This is going to be a journey filled with pain, I've known that already. But I have to let it be a journey. I can't stay stuck here for the rest of my life. I realize, now, that I want to run from the past. What better way to do that than run headfirst into my future?
Slowly, I need to erase away what's left. What happened to me was awful; but that's just it: it was awful and it was terrible but I need to get out of it. I can't let that fact consume me. I need to acknowledge that, yes, it was excruciatingly painful. And then I have to take that knowledge, and understand it, and then walk on.
There will be stumbles and falls, I know that. Sometimes I will fall back; some nights I will cry until my eyes are swollen and I've exhausted myself and I fall asleep with tears on my cheeks. The pain will be monstrous; my heart will ache and I will feel like I'm really, actually dying. And I'm allowed to feel that pain! I have the right to feel that pain! And, at the end of the day, even though I forget it ALL THE TIME, I also have the right to heal.

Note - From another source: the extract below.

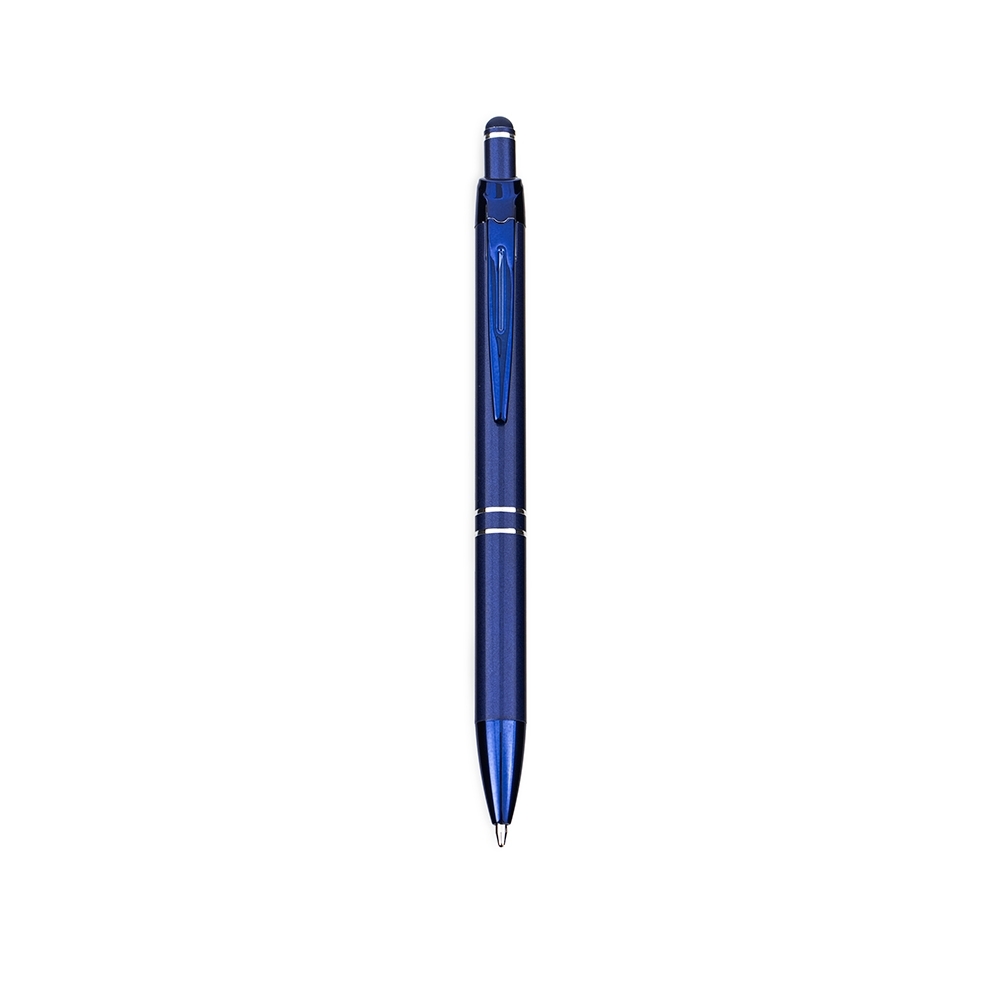 Descrição: Caneta em metal com clip e ponta em plástico, além de detalhe emborrachado no topo para interação com dispositivos de telas sensíveis ao toque. Conta com acionamento por clique e carga esferográfica azul de 1,0mm.

I hate myself quite a lot, so it's hard to even say that. That I have the right to get better.
But I do. I do have that right, and I do deserve, 100% deserve, to heal.
The pain will not subside completely, ever. However, that isn't the point, and that's not a reason to let it RULE me forever. I CAN find happiness that will trump that pain wholeheartedly.
The ghost of first love never really leaves you. It makes sense; it's the first time you gave your whole self to someone, the first time you left yourself open, raw, your heart completely unguarded. It can change you, and damage you. With first love, comes first heartbreak. I do know, however, that I will come to accept it one day. One day the rage will fade. One day the tears will dry. One day the heart will heal; I sometimes have a MASSIVELY hard time believing that last one. I do know, though, that when the heart does heal, there will always be a scar.
I will always carry scars.
But although I give up hope so much that this is true, I pray, I PRAY, that there are other people like me, who will look at someone's scars, and then look at the owner of them, and call them beautiful.
So this has got to be goodbye.
I will always have love in my heart for certain people.
And with that heart, I am walking away.
Sometimes, the hardest thing and the right thing are the same.